This update includes information about new features aimed at supporting GDPR compliance. If you are a European organization or process the data of European residents, you may be affected by the GDPR. We highly recommend consulting legal advice to assess your liability and any necessary changes to your processes.
We're also hoping to schedule calls with every affected CSL customer. We've emailed staff at each organization, but you can also see our checklist here: https://docs.google.com/docume
Updates / Bug Fixes
- Infrastructure updates.
- Updated Spanish, French, Dutch, Arabic, Romanian, and German translations. Thank you to all of the organizations that keep our translations up to date.
- We've continued our work toward supporting organizational compliance with the EU's GDPR. We've already added support for tracking consent status and version information on admin member record pages (accessible by searching for the member's email address from /org/members). That information is also now included in webhooks and the authenticated rest API. In webhooks, consent status and version is included in the signature, attendee, local chapter member, and user webhooks. For the rest API, that information is included in the members API. This consent information will also be included in bulk data CSV exports.
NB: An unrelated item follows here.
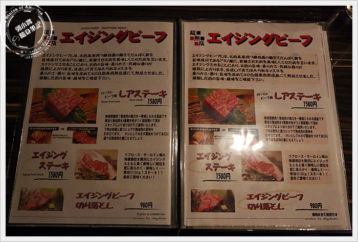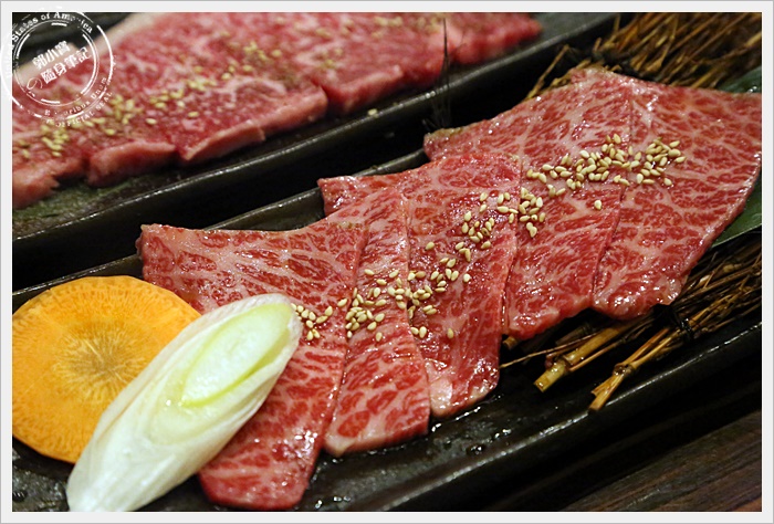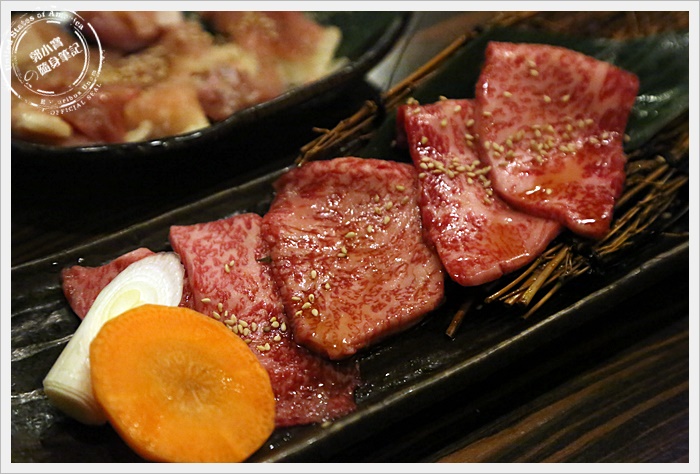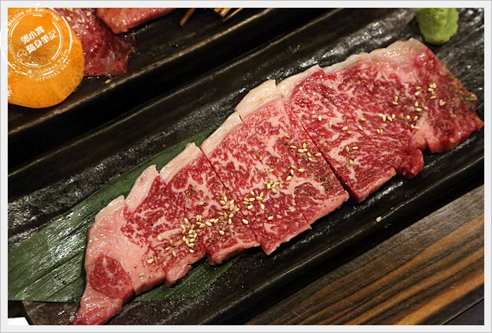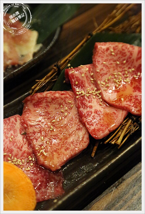 | 這一間最有名的就是熟成40天的和牛,看起來油花相當的漂亮,那向血管般分布的油花入爐烤過,入口那軟嫩程度實屬讓驚訝。 |

More information can be found in our developer docs: https://developers.controlshiftlabs.com.
- Also included in our GDPR compliance work, we've added support for tracking email opt-in consents (which is separate from the above data processing consent). This is an ongoing feature and more information will follow.
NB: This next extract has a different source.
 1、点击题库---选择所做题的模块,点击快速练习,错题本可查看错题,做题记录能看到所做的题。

- We've exposed a new JSON endpoint for petitions in a partnership. This may be useful for partner organizations that wish to include a list of their partner petitions on their main website. More information can be found in our developer docs: https://developers.controlshiftlabs.com/#list-petitions-in-a-partnership.
- When viewing a member's record page (from /org/members) the page would crash if the user made a donation on a since-deleted petition. This is now fixed.
- For organizations using the Salsa CRM sync, we're now sending language information for signatures/members and mapping that information to the appropriate field in Salsa.
- The cookies banner that some organizations have enabled was not working on the admin pages that have our updated UI. This is now fixed.
- We're sunsetting the query page/feature which is currently located at /org/query/new. We recommend that users wishing to continue performing SQL queries on their CSL data use webhooks to send platform data to a more modern and robust SQL tool.
Updates / Bug Fixes
- In the All petitions list (/org/petitions), the Source filter's dropdown is now alphabetized.
- The bottom of the offline signatures collection form pdf referenced the previously-deprecated petition manage page. We've updated that sentence to directly reference the URL of the offline signatures page. †
- When a user updated a petition's thank you for signing email, clicking the save button in the after-signing section wouldn't save the updated email template if the user had also updated the after-signing daisy chain. This is now fixed.
- We've added support for a global after-signing redirect rule. Like our other global after-signing rules, this rule can be set from the org settings page (/org/settings > Post Action Flow). Using this global default post-signing rule will allow admins to set a default redirect to a new URL rule for all petitions. This new rule also supports including liquid variables in the resulting URL. For organizations redirecting to a donation page, including a liquid variable will allow admins to track which petitions are leading to donations. †
- We've removed support for including a redirect parameter in a petition's URL. Previously, this allowed admins to include an arbitrary URL in the petition signature page's URL that signers would be directed to after signature. Because of the possibility of this being used for nefarious purposes, including phishing, we no longer support this method of redirection. All redirects will need to be configured in the petition's admin settings > after signing section.
- Blast emails from partners now appropriately include the partner organization's name in the email's from field and use the partner's email address as the email's reply-to address. The from name and email address can be set from the partnership's settings page. Note that this only affects blast emails that are created from the partnership's manage page (e.g. /partnerships/[name of the partnership]/manage), not blast emails that are created from a partner petition's email supporters page even if the drafter is also an admin of the partnership. (More information on configuring from name and email settings: https://controlshiftlabs.zendesk.com/hc/en-us/articles/203073587-Tutorial-on-Partnerships#settings.)
Updates / Bug Fixes
- On the calendar hub page, we no longer show the location search box if all of the events in the calendar (including past events) are virtual events.
- We've moved the clone event button from the All events page (/org/events) to the event's admin page (/org/events/[event name]). †
- The All events page (/org/events) now uses the same UI as the All Petitions page (/org/petitions). This new UI allows for filtering and sorting the list of events. Current filter options include: moderation status, country, location, locale, upcoming vs. past, cancelled, and keyword searches. †
The subsequent list can also be sorted by created at date, event date, number of attendees, and (if the location filter is used) distance from the queried location. †
This UI work is a first iteration. If there are additional filter and/or sort conditions that you'd like to see, please let us know.
Nothing new in groups, TakeCharge or VisitThem.
† This feature required new text strings. If you're using the platform in a language other than English, you may need to provide updated translations.